Next Article in Journal
Mesenchymal Stem Cell-Derived Apoptotic Bodies: Biological Functions and Therapeutic Potential
Next Article in Special Issue
Increased Radiation Sensitivity in Patients with Phelan-McDermid Syndrome
Previous Article in Journal
Development of a Lung Vacancy Mouse Model through CRISPR/Cas9-Mediated Deletion of Thyroid Transcription Factor 1 Exon 2
Previous Article in Special Issue
Prevalence and Prognostic Relevance of Homologous Recombination Repair Gene Mutations in Uterine Serous Carcinoma
 
 
Article
Peer-Review Record

The BRCAness Landscape of Cancer

Cells 2022, 11(23), 3877; https://doi.org/10.3390/cells11233877
by Maoni Guo and San Ming Wang *
Reviewer 1: Anonymous
Reviewer 2:
Cells 2022, 11(23), 3877; https://doi.org/10.3390/cells11233877
Submission received: 31 October 2022 / Revised: 23 November 2022 / Accepted: 29 November 2022 / Published: 1 December 2022
(This article belongs to the Special Issue Advances in Cancer Genomics)

Round 1

Reviewer 1 Report

Thank you for this assessment of "BRCAness" in cancer types beyong breast and ovarian cancer - an interesting idea for associated treatment implications as described.

Some feedback:

1. There needs to be a careful revision of the manuscript for English language use and typos - eg PPRPi instead of PARPi in paragraph 3.
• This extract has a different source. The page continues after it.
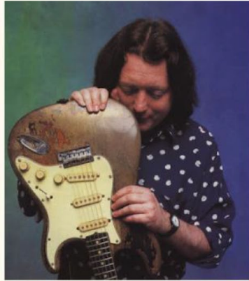
August 1991, Guitar for the Practising Musician

We would expect this sort of drivel from music journalists, keen to oversensationalise in order to increase readership, but we come across these types of comments on a daily basis on Rory fan groups, making us question how these people can seriously call themselves fans of the great man. Every time the official Rory Gallagher Facebook posts a photo of older Rory, we immediately feel ourselves tense, bracing for the inevitable barrage of disparaging comments about him. Over the years, we've seen everything from "pathetic" and "let himself go" to "shadow of his former self" and even "I only like looking at him when he was young and beautiful." So, at this early stage in our blog post, we already want to take pause to say how dare they? How fucking dare they?

2. Further in paragraph 3 - description of BRCAness genes includes reference to BRCA1/2. Perhaps these gene lists should be described as "HRR deficient" related genes?

3. Define "BRCA" (as in BRCA versus BRCAness) to encapsulate BRCA1 and BRCA2 mutated (deficient? was methylation in these genes included?) cancers.

4. TP53 is included in you analysis, with a high prevalence of somatic mutations detected ("the highest amongst BRCAness genes"). TP53 is a very commonly mutated gene across many cancer types (~40-50%). In ovarian cancer specifically, up to 96% of all high-grade serous ovarian cancers harbor a somatic pathogenic change in TP53. These changes occur in HRR deficient tumours, and those with intact HRR (and even mutually exclusive genetic events, such as CCNE1 amplification). They are a hallmark marker of HGSOC pathological classification, and not BRCAness. I think TP53 should be excluded from the analysis for this reason. (Also not a target for treatment options). 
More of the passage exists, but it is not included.